Finally, we used expression profiling of RWPE-LacZ and RWPE-SChLAP1 cells to characterize
the relationship between SNF5 binding and SChLAP1-mediated gene expression changes.
After identifying a gene signature with highly significant expression changes (Supplementary
Table 6d), we intersected this signature with the ChIP-Seq data. We observed that
a significant subset of genes with ≥2-fold relative decrease in SNF5 genomic binding
were dysregulated when SChLAP1 was overexpressed (Supplementary Fig. 14b). Decreased
SNF5 binding was primarily associated with downregulation of target gene expression
(Supplementary Table 6e), although the SWI/SNF complex is known to regulate expression
in either direction
24,25
. An integrative GSEA analysis of the microarray and SNF5 ChIP-Seq data demonstrated
a significant enrichment for genes that were repressed when SChLAP1 was overexpressed
(q-value = 0.003, Fig. 4g). Overall, these data argue that SChLAP1 overexpression
antagonizes SWI/SNF complex function by attenuating the genomic binding of this complex,
thereby impairing its ability to regulate gene expression properly.
Here, we have discovered SChLAP1, a highly prognostic lncRNA that is abundantly expressed
in ∼25% of prostate cancers and aided the discrimination of aggressive from indolent
forms of this disease. Mechanistically, we find that SChLAP1 coordinates cancer cell
invasion in vitro and metastatic spread in vivo. Moreover, we characterize an antagonistic
SChLAP1-SWI/SNF axis in which SChLAP1 impairs SNF5-mediated gene expression regulation
and genomic binding (Supplementary Fig. 14c). Thus, while other lncRNAs such as HOTAIR
and HOTTIP are known to assist epigenetic complexes such as PRC2 and MLL by facilitating
their genomic binding and enhancing their functions
8,9,32
, SChLAP1 is the first lncRNA, to our knowledge, that impairs a major epigenetic complex
with well-documented tumor suppressor function
23-25,33-35
. Taken together, our discovery of SChLAP1 has broad implications for cancer biology
and provides supporting evidence for the role of lncRNAs in the progression of aggressive
cancers.
Data Deposition
Sequences for SChLAP1 isoforms #1-7 have been deposited to GenBank as accession numbers
JX117418 – JX117424. Microarray data have been deposited to GEO as accession number
GSE40386.
Online Methods
Experimental studies
Cell lines
All cell lines were obtained from the American Type Culture Collection (Manassas,
VA). Cell lines were maintained using standard media and conditions. Specifically,
VCaP and Du145 cells were maintained in DMEM (Invitrogen) plus 10% fetal bovine serum
(FBS) plus 1% penicillin-streptomycin. LNCaP and 22Rv1 were maintained in RPMI 1640
(Invitrogen) plus 10% FBS and 1% penicillin-streptomycin. RWPE cells were maintained
in KSF media (Invitrogen) plus 10ng/mL EGF (Sigma) and bovine pituitary extract (BPE)

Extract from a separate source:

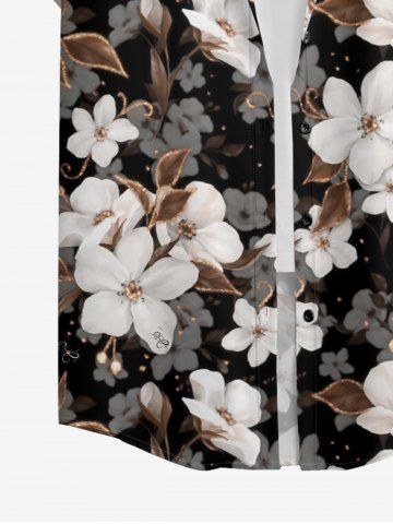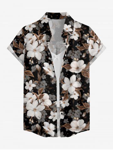 Women's Ombre Flower Leaf Print Hawaii Shirt - Deep Coffee - Xl

and 1% penicillin-streptomycin. All cell lines were grown at 37°C in a 5% CO2 cell
culture incubator. All cell lines were genotyped for identity at the University of
Michigan Sequencing Core and tested routinely for Mycoplasma contamination.

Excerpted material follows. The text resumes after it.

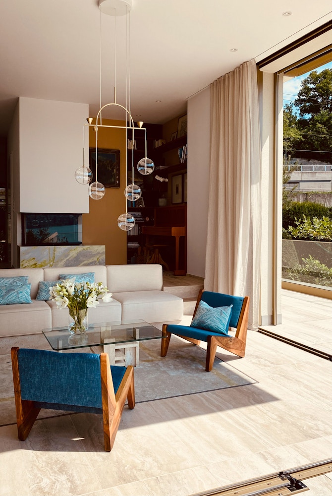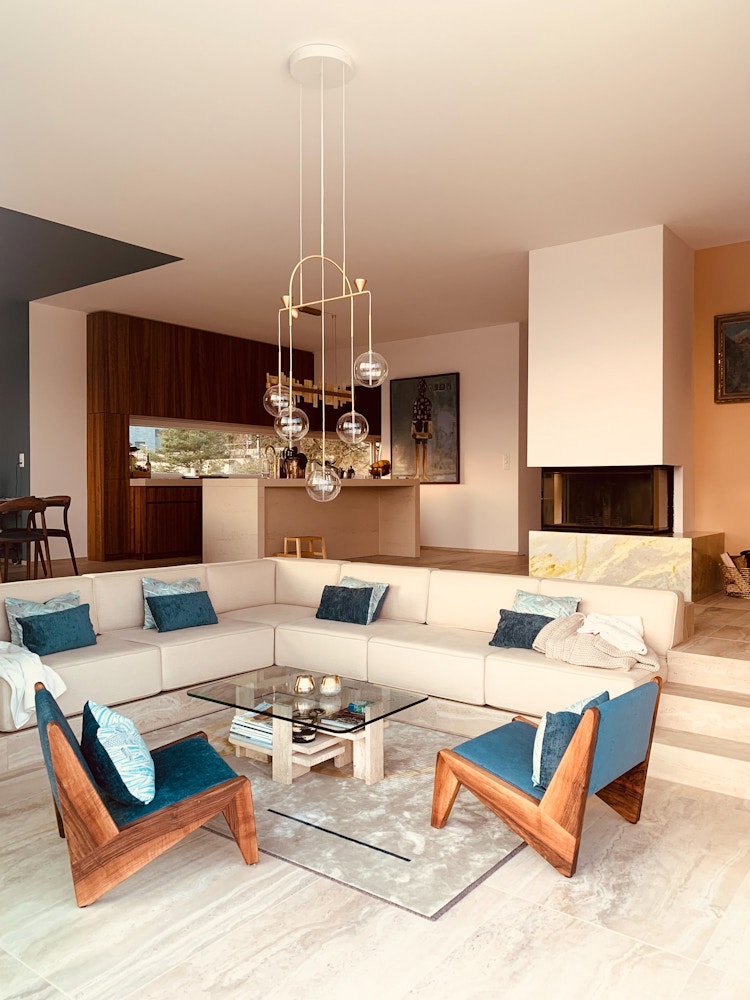 Hand-blown transparent or mist (white-nuanced) borosilicate glass and hand-finished or electroplated brass

SChLAP1 or control-expressing cell lines were generated by cloning SChLAP1 or control
into the pLenti6 vector (Invitrogen) using pcr8 non-directional Gateway cloning (Invitrogen)
as an initial cloning vector and shuttling to pLenti6 using LR clonase II (Invitrogen)
according to the manufacturer's instructions. Stably-transfected RWPE and 22Rv1 cells
were selected using blasticidin (Invitrogen) for one week. For LNCAP and 22Rv1 cells
with stable knockdown of SChLAP1, cells were transfected with SChLAP1 or non-targeting
shRNA lentiviral constructs for 48 hours. GFP+ cells were selected with 1ug/mL puromycin
for 72 hours. All lentiviruses were generated by the University of Michigan Vector
Core.
Tissue Samples
Prostate tissues were obtained from the radical prostatectomy series and Rapid Autopsy
Program at the University of Michigan tissue core
37
. These programs are part of the University of Michigan Prostate Cancer Specialized
Program Of Research Excellence (S.P.O.R.E.). All tissue samples were collected with
informed consent under an Institutional Review Board (IRB) approved protocol at the
University of Michigan. (SPORE in Prostate Cancer (Tissue/Serum/Urine) Bank Institutional
Review Board # 1994-0481).
RNA isolation and cDNA synthesis
Total RNA was isolated using Trizol and an RNeasy Kit (Invitrogen) with DNase I digestion
according to the manufacturer's instructions. RNA integrity was verified on an Agilent
Bioanalyzer 2100 (Agilent Technologies, Palo Alto, CA). cDNA was synthesized from
total RNA using Superscript III (Invitrogen) and random primers (Invitrogen).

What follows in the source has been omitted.